The crewman looked perplexed.

"The tricorder wouldn’t accept the alignment as being correct but…" the crewman realised what Rada was saying and eagerly finished his sentence for him "It didn’t have to. Since resonance has been already been achieved and given enough time asymptotically approaching the desired point the alignment must be within an acceptable margin of error. By removing the tricorder and hence stopping the float you locked the coil in the desired position."

"Exactly," replied Rada as he typed into a PADD. He then asked as politely as possible "What brings you over here?"

"I was told to take a five minute break by Kellyn, I mean Lt Commander Lair, I was curious about your unusual engineering technique."

"What do you mean, unusual?" Rada asked.

"Typically a good engineer will attack a problem by jumping straight under the nearest Work Console or into the nearest Jeffries Tube…" explained Halliday.

Rada didn’t know what to say to this, it had only been on the rarest of occasions in Rada’s career when he had considered himself to be a good engineer but he still hadn’t expected to be confronted like this.

Jack picked up on part of this and quickly said apologetically "I didn’t mean to imply you weren’t a good engineer, your work speaks for itself. I just meant that you prefer to take the time to think about something before diving into action… you don’t touch anything before you know what you’re going to do with it. Generally engineers who actually care about their work are so eager that they can have a relay completely pulled apart before they figure out that the problem is actually down the line somewhere."

Rada realised that the crewman wasn’t trying to insult him and actually saw a little of himself in Halliday. They may have been of similar age but Halliday was in many ways what Rada once was long ago.

Rada had once eagerly jumped into problems like Halliday still did but life had led him to become much less decisive over time, Rada was still talented but he wasn’t what he once was. When Rada was happier with himself he had also been as honest as Halliday; that had been sometime though. Rada did find this a bit depressing.

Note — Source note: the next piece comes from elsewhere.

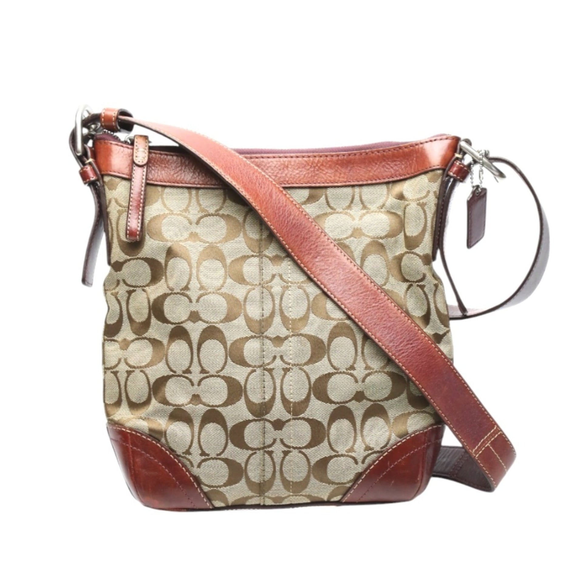 Coach CC Canvas Signature Leather Shoulder Bag, Brown, F12327

When he started at the Academy, Rada had been so eager that after reading chapter one of his warp theory textbook he had designed a revolutionary kind of warp bubble only to discover that chapter two explained how that idea had been invented already and chapter three explained how it had been made obsolete.

In the years since that day, life had led him to give up on dreaming of creating anything great as an engineer. He’d taken to solving every problem before him but never trying for more. Rada had entered Starfleet with a dream of finding a particular answer, but had only found more and more ways that potential answers had proved themselves wrong.

"Thanks" Rada told Halliday, although he wasn’t thanking him for what Halliday thought he was. Rada was thanking him because he had now decided that it was time for a change.